Thea’s eyes narrowed. “Oh, I have no quarrel with him. In fact I only mean to befriend him.” She scrutinized him carefully, her head angling as she took in his face. “Asher, was it not? We’re going to be friends. Yes, the fastest of friends.”
“Don’t think we believe that for a second, Thea,” Bastion said, his hands in fists. “You’ve killed enough people to get your way already. How many more?”
“Enrietta Boules.” Thea looked up into the night sky, then chuckled. “Oh, of course. Arnaud as well. The poor boy was only scratching out a living. But how else was I going to get closer to the Boules woman? I needed access to the Codex without drawing attention to myself. It’s a simple matter of bending the light.” The corner of her mouth twitched as one of her eyes swiveled down to stare at me.
Thea had been playing us all along, right from the very beginning. How could we have known it was her? She’d used a glamour as camouflage, to change her appearance, and if what Carver said about cloaking enchantments held true, then we never stood a chance of detecting her hand. All we had left was to ensure that this didn’t end in more bloodshed.
“Please,” Asher said, his breathing ragged. “I don’t understand. Please let me go.”

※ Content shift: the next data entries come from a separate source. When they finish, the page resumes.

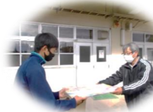
文化祭ポスター返却(吉川小・吉川中)

3日間という短い期間でしたが、笑顔で来館者に対応し、明るく積極的に仕事に取り組んでいただき、将来にきっと役立つ経験となったと思います。お疲れさまでした。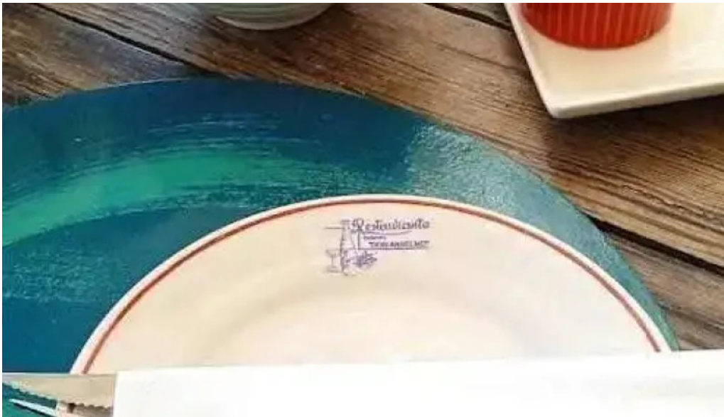
Puertito don anselmo mas recientes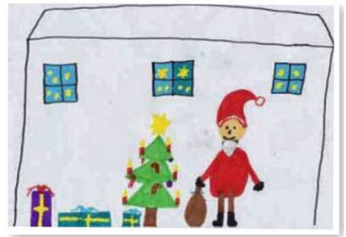
ZOE WIESNER Volksschule Alterlaa, 4c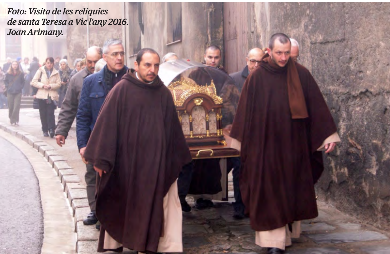
Foto: Visita de les relíquies de santa Teresa a Vic l'any 2016. Joan Arimany.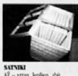
SATNIKI AŽ – vrtan, lepšen, ribi LR – standard LR 2/3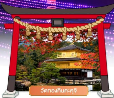
วัดคองคินคะคุจิ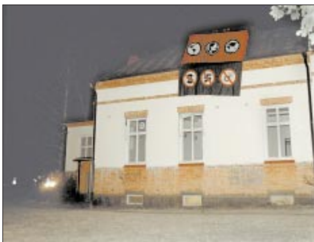
Gamla Westmanska BB, som nu är ockuperat, ingår i bostadsprojektet på Kanberget. Huset är tänkt att rymma sex lägenheter.

Här ska de bygga rikemanslägenheter. Vi har fått nog.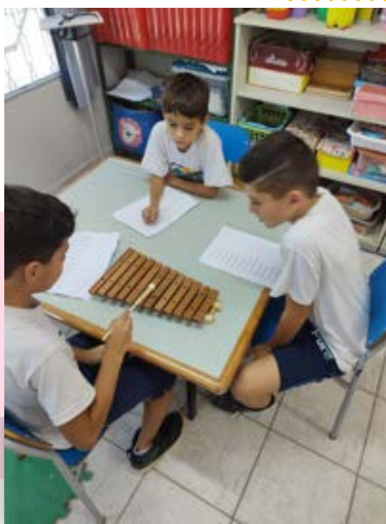
Aulas STEAM e Música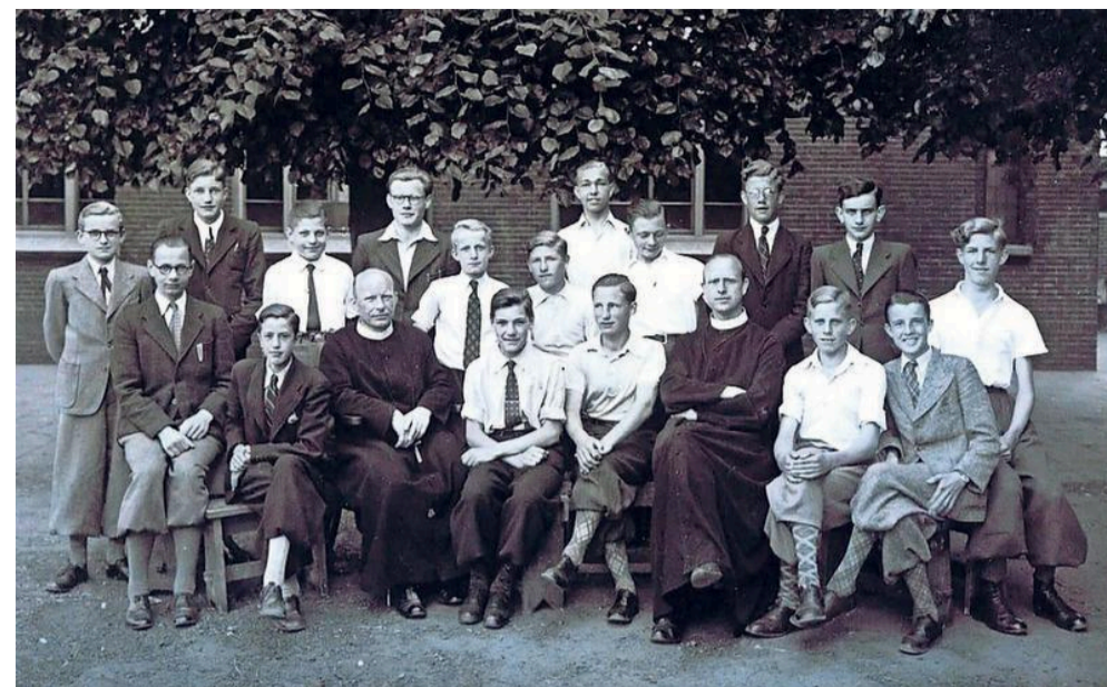
De St. Aloysius ulo/mulo in het bewogen schooljaar 1940/1941.

“It’s very simple. You help me with your magic, Asher, and I’ll let you live.” She grinned, light spilling out of her teeth, which had grown sharper, finer, less than human. “Show me the fullest extent of your power, and I’ll be gone. You needn’t fear me ever again.”
“Enough of this.” Carver slashed his arm forward, a jagged beam of amber light launching from the tips of his fingers, a spear of energy aimed straight at Thea’s head. W
ithout looking, without flinching, Thea raised her hand, caught it, then hurled it back. I whirled around as Carver groaned in pain. A hole had been bored straight through his shoulder, the edges of it ragged. I gaped in horror, though I didn’t have time to question why he didn’t bleed.
“Enough is correct. I’m tired of these interruptions.” Thea sent out one hand, and the golden-bronze rod of the thyrsus shot out of the grass, careening towards her outstretched fingers.
“Stop,” Bastion cried, attempting to wrest the thyrsus away with the force of his power, but Thea was too quick, or too strong. She wrenched Asher even closer, her talons digging into his skin, then pointed the wand’s tip at the ground.
The soil burst open to reveal a spire of vines, a furious mass of tendrils rushing out from a breach in the earth. Under the moonlight I could tell that these were different, not the green of the vines that Deirdre had summoned when she’d used the thyrsus, but something slick and crimson, like veins surging from some hellish pit in the earth, like great, glistening coils of intestine put forth by an unseen, screaming colossus.
I leapt away from the crater, Bastion helping Carver from its epicenter, the others hurrying to the edges of the garden. Upward the vines went, rocketing into the sky, taking Thea and Asher with them on a platform made out of so many smaller, wriggling coils. She smirked at me as she went, the thyrsus in her hand glowing an eerie reddish gold, her eyes jet black, glimmering with sinister glee.
“What about the Veil?” Bastion murmured, his eyes fixed on the massive twist of vines now dozens of feet in the air.
“Fuck your precious Veil,” Carver snarled, clutching at the gaping hole in his shoulder. “Do you truly think she cares? I’d like to see your precious Lorica explain this.”
“I can burn it down,” Romira said, her voice trembling, suffused with uncharacteristic panic.
“It wouldn’t work,” Gil said. “That thing – whatever the hell it is, it’s too damp. Both inside and – oh God – outside.”